Me preocupa, a veces diría que me obsesiona, el paso del tiempo. Ni entiendo ni acepto ese concepto tan confuso del hacerse mayor, ni gestiono demasiado bien el equilibrio entre aprovechar el tiempo y vivir relajada.

Todavía no he encontrado la manera de compatibilizar mis prisas por avanzar con mi necesidad de descansar. Todo lo que tengo es tiempo, pero no sé cuánto, y eso limita mis posibilidades de control y me pone nerviosa.

En estas ando cuando llega a mis manos Filosofía ante el desánimo, de José Carlos Ruiz, un autor que me gusta porque me provoca ganas de escribir y porque me obliga a debatir conmigo misma. De eso, entre otras cosas, trata la filosofía, supongo.

El caso es que hoy he llegado a la parte en la que habla de mi querido amigo. Nos cuenta cómo, en la antigua Grecia, había tres dioses que representaban el tiempo. Cronos, que marca nuestro tiempo de vida, Aión, que simboliza el tiempo que dedicamos a lo que tiene sentido para nosotros, y Kairós, como estandarte del momento adecuado, de la suerte.

Cuánto ayuda poseer una clasificación de lo borroso para trenzar lo que se enreda en la cabeza de una.

Perseguimos aprovechar todas las oportunidades posibles mientras desarrollamos nuestro propósito en nuestra particular e incierta cuenta atrás.
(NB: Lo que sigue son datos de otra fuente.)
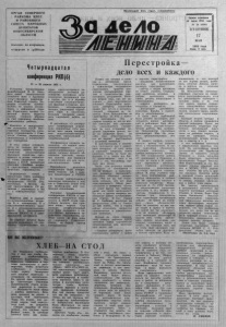 ОР ГАН СЕ В Е Р НОГ О ; Р АЙКОМА КПСС И Р АЙОННОГ О СОВЕТА НА Р ОД НЫХ Д Е ПУТАТ ОВ НОВ ОСИБ ИР С КОЙ ОБЛАСТИ Выходит по вторникам, ч о в е р г а м и субботам. Га зета основана 20 и ю л я 193$ го д а № 59 (6283) ВТОРНИК 17 МАЯ 1988 года Цена 3 коп. П е р е с т р о й к а — дело всех и каждого Четырнадцатая конференция РКП(б) 27 — 29 апреля 1925 г. Успешное осуществление разработанной В. И. Лениным новой экономической политики вело к быстрому х о з г /Ь т в е н н р м у в о з р о ж д е нию Советской страны. Н ародное хо зяйство при бли жалось по многим й о к а з а - телям к довоенному уровню. У крепились органы Советской власти, выросл а партия, главным образом за счет передовых, наиболее созн ательных рабочих. Менялось и международное положение СССР. Иностранные государства н а ч и нали устан а вли в а т ь с Советским Союзом нормальны е политические и экономические отношения. В этих новых условиях, когда на очередь дня в ы двинулись зад ачи соц иали стической реконструкции народного хозяйства, претворения в жи зн ь лени нского п л ан а построения социал и зм а в СССР, в аж н ейш ее 'значен ие приобрел вопрос о п е р сп ек т и в ах ■социалис-' тического строительства. Определение путей к социализму стало основным пунктом повестки д н я XIV конференции РКП(б). р н а состоялась в Москве. На ней присутствовали 178 д е легатов с р ешающим и 392 — с совещательным голосом. Повестка дня: 1) парти й- 17> о р г а н и за ц и о н н ы е вопросы; 2) о кооперации; 3) о сельскохозяйственном налоге; 4) о металлопромышленности; 5) о расширенном пленуме ИККИ; 6) о революционной законности. По первому вопросу была п р и н я т а р езолюция «О п а р тийном строительстве», ко тор ая предусматривала необходимость усиления ру ководства массовыми орган и з ац и ям и трудящ и х с я к а к в городе, так и в деревне, укр еп ление коммунистических ф р а к ц и й в Советах, профсою зах , кооперативных органах, увеличение п а р ти й ного я д р а в комсомоле. Большое внимание у д е л я лось партийной работе на селе. В резолюции «О кооперации» к онф е р енц ия определила конкретные пути р а з ви ти я всех видов ко операции: сельскохозяйственной, кредитной, промысловой и потребительской. К онф ер енц ия п р и н я л а резолюцию «О едином с ел ь скохозяйственном налоге», .предусматривающую у л у ч шение системы прямого обл о ж е н и я кр естьян, с н и ж е ние налогов для бедняков и увеличение его д л я к у л а ц к о - з а ж и т о ч н ы х слоев. В ажн ейш им решением конференции было у т в е р ж дение тезисов ЦК о з а д а ч а х Коминте рна и РКП(б). В тезис ах подчеркивалось ленинское положение о том, что в Советском Союзе есть все необходимое д л я построения социализма. Р еш е н и я четырнадцатом конференции РКП (б) о возможности построения социализм а в СССР стали п а р тийным законом для к а ж дого ч лена партии. Они нанесли сокруш ител ьный удар всем маловерам и к а пи тулянтам , вдохновили з а рубежных коммунистов, р а бочие массы во всем мире на поддержку Советского Союза, на борьбу против империализма. Живем мы сегодня в сл ож ное и интересное время. Определены стратегические и т а к т и ч е с к и е н а п р а в л е н и я перестройки, принято множество постановлений п а р т и и и п р а ви т ел ь с т в а , н о р м ативных документов. Н а ч а лся второй этап, к а к его н а зы в аю т — этап п р а к ти ч е ск и х действий. Перестройка з а т р о ну л а интересы миллионов людей. Вот тут -то и началось: к аж ды й

De eso va la existencia (o debería).

Parece simple, pero no es fácil (porque no lo es la conexión con esto que somos) lograr y mantener la cuadratura del círculo, encajar nuestro puzle interno, con tantas piezas y tan diferentes.

Los obstáculos aparecen en forma de pereza, de decisiones basadas en decisiones de otros, de una tozudez estúpida que pretende derribar muros ajenos.

Y mientras tanto, Cronos pirándose sin solución, Aión de vacaciones y Kairós desesperado ante nuestra inutilidad.

Para los que le restan importancia a la fusión con uno mismo, el no disfrute es una constante de lo más llevadera. Pero para los que conocemos el ensamblaje perfecto, qué se siente cuando estás dónde, con y cómo deseas, a qué huele y a qué sabe la plenitud lo opuesto es un pellizco asquerosamente doloroso.

Te despides de cada hora lamentando que no haya valido la pena y te devanas los sesos para resolver la ecuación. No sé qué he de hacer para desembrollarme, cómo tirar del extremo de un hilo que no conozco.

Hay obstáculos conocidos por todos. Un trabajo que me aburre, una pareja que ya no es lo que fue, la ausencia de aficiones. Pero a veces es un lugar, aparentemente sin razón alguna, el que nos roba la inspiración.

Idealizamos un pueblo en la costa o en la montaña sin preguntarnos si estamos dispuestos a pagar el precio por el silencio y las vistas al mar. Vida social y cultural limitada, pocas novedades, misma gente y mismas conversaciones por lo siglos de los siglos.

Para algunos, esa línea recta es el paraíso. Para otros, una losa invisible que no logran identificar. Me pesa la vida y no sé por qué.

Cuando se asoman a la civilización, despiertan, brillan, tintinean. Les gusta, pero tampoco vislumbran la razón y se dicen a sí mismos que son raros, que si el paraíso es para unos debe serlo para todos, ignorando su individualidad y que lo importante es saber qué es lo importante, ya sea respirar aire puro o ir al teatro cada semana, levantarte entre árboles o descubrir una cafetería distinta cada tres días.

Desmenuzar de qué está hecha nuestra particular chispa de la vida es el primer paso para honrar el regalo que Cronos, Aión y Kairós nos han hecho. Validar nuestras singularidades, el segundo. El tercero, aprender a disfrutarlas como si no hubiera un mañana, porque no sabemos si lo habrá, aunque nos gustaría.